Naturally I don’t expect DKs to have a ranged rotation as strong as our melee rotation (since it would objectively be the stronger subspec, whether you mixed in autoattacks for bonus damage or simply stayed at maximum range due to raid’s the need for it), but simply having the reach to be able to start running out of danger zones before they form without costing too much damage, or pre-empt adds running from the edge of the room, would make up for our difficulty moving in the first place.

Of course, while Frost and Blood have ranged builders and no ranged spender, at least they can use theirs at-will. Unholy has a ranged spender, but only Outbreak to build up to it from a distance – which is limited by a cooldown (understandable given its AoE spread, but strictly limiting as a ranged attack on top of its already low damage).


Alas, Multistrike has been cut down before its time. As something of a point of contention amongst the playerbase, the developers have removed it come Legion with the note that it is simply an alternative to Critical Strike rating. Several specializations also had minimal reason to use it (due to its lower damage returns compared to Crit) without specific attunements.

Of course, Versatility survived because the developers believed it was “interesting” and “useful” which seemingly undercuts that analysis.

To me, the devs barely scratched the surface with Multistrike. It was only ever allowed to be a stat that caused additional damage – rather than a stat that caused you to strike additional times. Instead of an “alternative to Crit” it could have been an alternative to Haste, allowing each cast, strike or autoattack additional chances to activate procs at no additional cost, on top of their damage. This is especially notable given how some specs have felt GCD locked towards the end of an expansion in the past, meaning that the value of Multistrike would go up as Haste’s went down.
Of course, with Haste affecting the GCD next expansion, the latter case may not be strictly necessary.

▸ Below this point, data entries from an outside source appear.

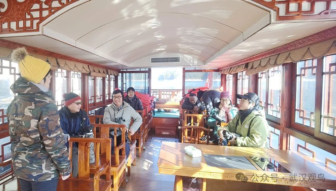 由于冬天湖面体感比较寒冷,所以海芳老师安排下午乘游船观秋沙鸭,没想到安排的游船是一艘精美的木质雕花游船,湖中行船非常平稳。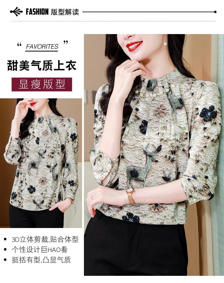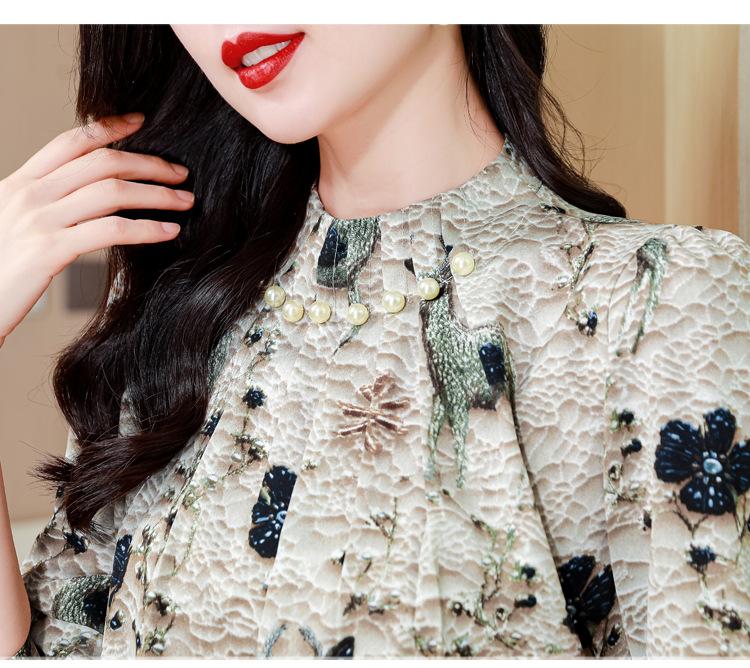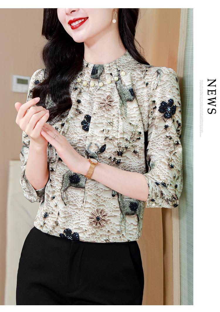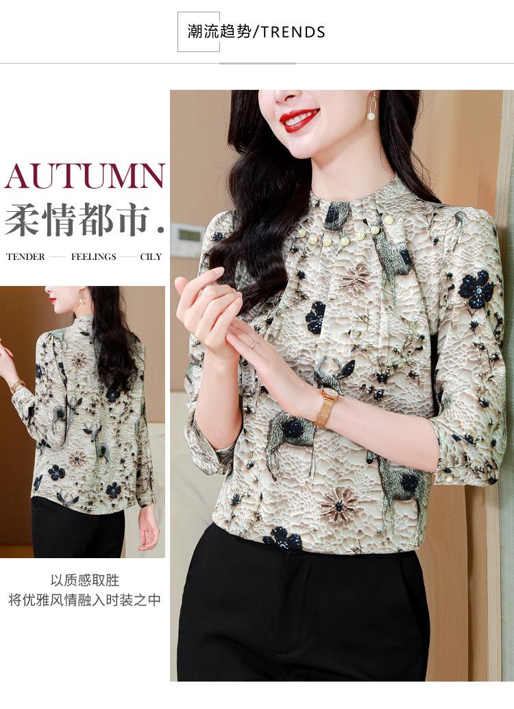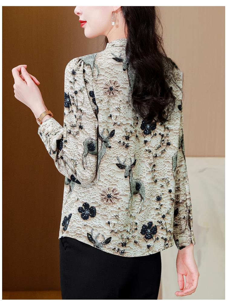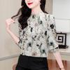 Nueva Camisa de Chifón de Otoño para Mujer con Cuello Alto de Satén, Estampado con Cuentas y Manga Larga, Camisa de Moda de Otoño para Mujer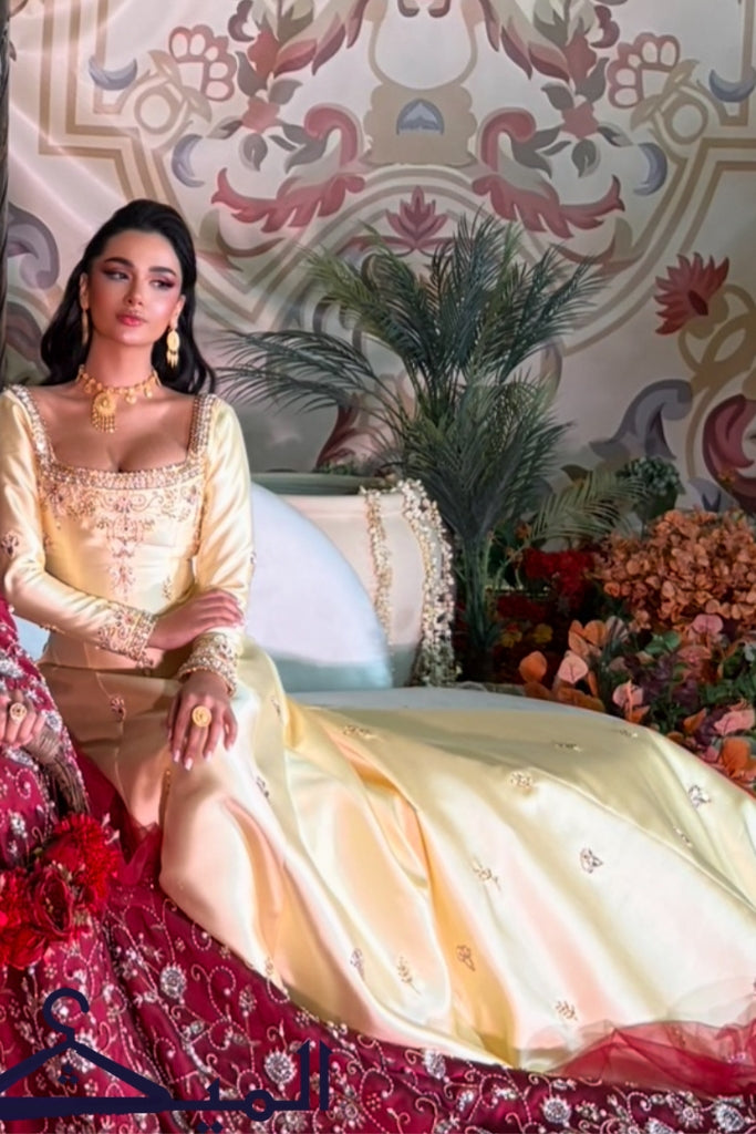 Luxurious light yellow gown crafted from premium Mikado fabric, embellished with shimmering hand-embroidered crystals gracefully spread throughout the dress. Featuring elegant long sleeves and a square neckline for a refined royal look, complemented by a fully embroidered train that enhances the overall opulence and sophistication.

Still better than Versatility, though.

Scattered Thoughts

  • Obtaining Apocalypse fills me with many emotions… none of which are positive. The scenario is blatantly recycled from Affliction Warlocks and Balance Druids, the overworld section (on top of, again, being a prime location for two other class’ artifact questlines) will make starting the questline annoying.
  • Why Fire Relics for Apocalypse? I understand Shadow, but Fire (and Holy) makes the absolute least sense for a DK artifact. Why not Fel, for our demonic weaponry and origins? Why not Life, for our perversion of it?
  • Spellbreaker on its own makes me happy for lore/RP reasons (my main is a Blood Elf after all)…
  • … while Spellbreaker’s compatriots are once again painfully PVP oriented, which I thought was the point of the PVP trees in the first place. Would be a much better choice if March of the Damned were swapped for Death’s Advance, and Desecrated Ground was replaced.
  • Purgatory versus Death Pact? Sadistic. Love it! Finally an actual choice that doesn’t directly impact your performance.
  • Since Frost has Remorseless Winter, perhaps the central option in our Tier 90 will see the return of Hungering Cold…?
  • Boiling Rot may actually make Defile interesting in the absence of Necrotic Plague.